High availability (HA) and disaster recovery (DR) are requirements for production deployments that use IBM Fusion Data Foundation. A crucial consideration is removing single points of failure on the various layers of the environment. The goal is to avoid planned and unplanned outages and ensure continuous operation.

The considerations for HA and DR include the following:

  • All layers of the environment must be included to secure continuous operations of the workload.
  • Application development and DevOps need to ensure that new services can be deployed and operated without downtime that is also known as rolling updates.
  • The operational procedures are well defined and consider HA and DR.

IBM virtualization and the IBM Z platform provide best practices and mechanisms for setting up highly available environments, including replication, failover, and shifting of workload between systems. This makes it a perfect match for ensuring continuous operations (for example, redundancy of hardware elements). Red Hat OpenShift Container Platform (RHOCP) adds with its cluster-based implementation, the ability for automatic failover of workloads within the same cluster.

In addition to the considerations for high availability, there are several topologies, which can be applied to implement disaster recovery and involve a second data center site for redundancy. In case of a disaster the secondary site takes over and run the entire workload. Each site is referred to as an availability zone.

The first set of topologies is based on the Red Hat OpenShift software stack. High availability and disaster recovery are implemented in software. This implementation adds an abstraction layer, which is application-scoped and hardware agnostic.

  • High availability with a single stretched cluster across 3 availability zones.
  • Regional disaster recovery: 2 separate clusters with asynchronous replication of data and active/passive configuration.
  • Metro disaster recovery: 2 separate clusters in a active/active configuration and with synchronous replication of data in an external IBM Storage Ceph environment, which is stretched across the data centers.
Note: For IBM Z and IBM® LinuxONE Regional and Metro DR are supported starting with Red Hat OpenShift Data Foundation 4.14.1 (in combination with RHACM 2.9). Currently Regional DR is only supported for a fresh installation (not a deployment that is upgraded from earlier releases)
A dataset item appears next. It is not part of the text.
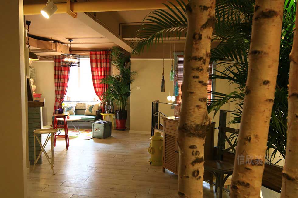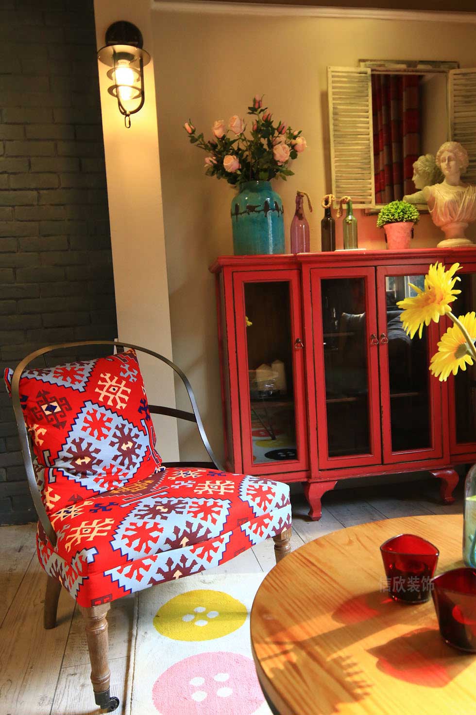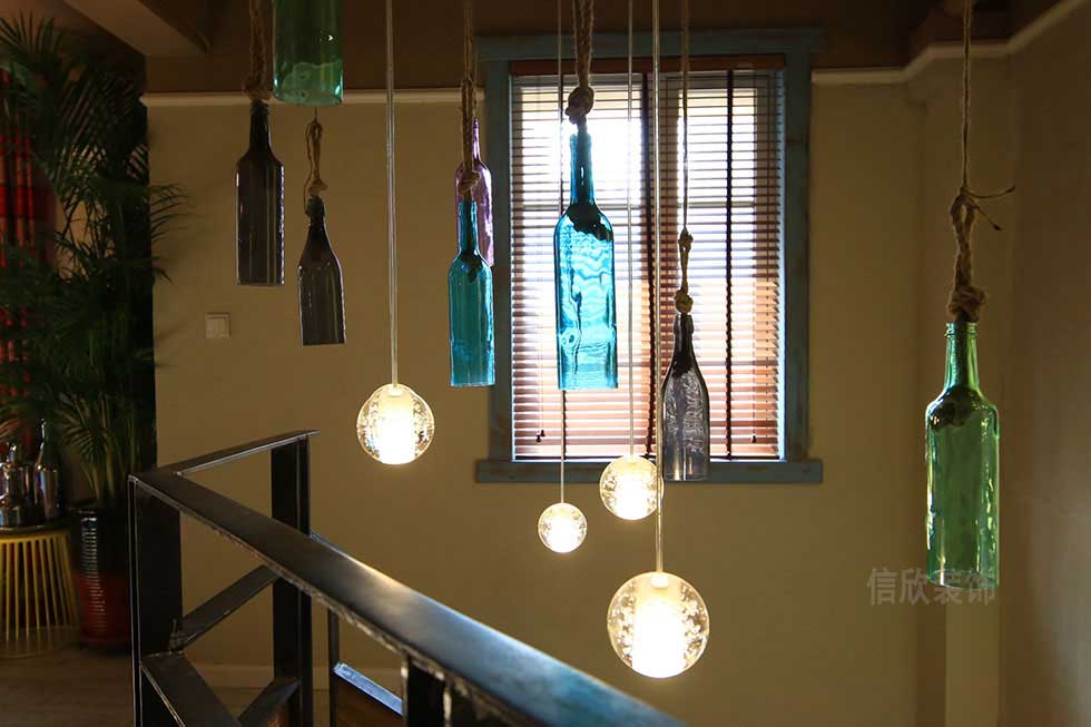原木色的地面,手工制作的鐵藝小皮沙發(fā),結(jié)合各種手工的柜子,茶幾,鐵藝吊燈等元素,非常有一種古舊但是溫馨的家的感覺(jué),也符合北歐風(fēng)的環(huán)保和綠色的生活理念。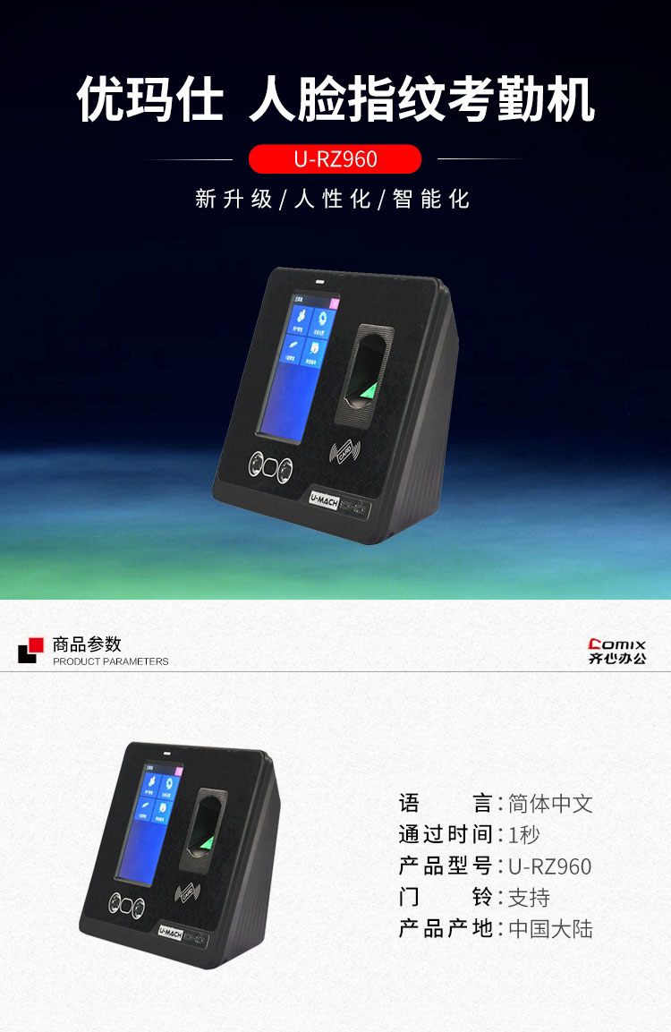 • 商品名称:优玛仕 U-RZ960 人脸指纹考勤机(带wifi) 配(单位:台)

A hardware-based option to achieve disaster recovery is based on IBM Geographically Dispersed Parallel Sysplex (GDPS) technology, which is implemented based on mirroring of the storage hardware and agnostic to the running applications. GDPS allows synchronous and asynchronous mirroring for metro and global distance. GDPS also adds management capabilities for nodes and network switches.

Note: GDPS is supported based on VSAM LDS as local disks and running on IBM zCX.

The different topologies for HA and DR are described in the following sections.

Figure 1. Topologies for setting up disaster recovery on (logical) software level
The content of this image is explained in the surrounding text.
Figure 2. Topologies for setting up disaster recovery on the hardware level
The content of this image is explained in the surrounding text.
Figure 3. Differences between disaster recovery based on logical software and hardware layers
The content of this image is explained in the surrounding text.

It needs to be emphasized that the mentioned DR topologies using the Red Hat OpenShift software stack are based on the fundamental assumption that hardware is unreliable and software must implement resilience. As this assumption is not true for IBM Z, the combination of resilience in software combined with resilience in hardware results in a reliable overall system.

The hardware-based resilience is focused on keeping a system alive by all means by using redundancy. The software-based resilience replaces failing instances immediately with new software deployments created fresh from a CI/CD pipeline and automation. This different point of view is often referred to as dealing with precious "pets" versus abundant "cattle".

Figure 4. Differences between hardware-based resilience ("pets") versus software-based resilience ("cattle")
The content of this image is explained in the surrounding text.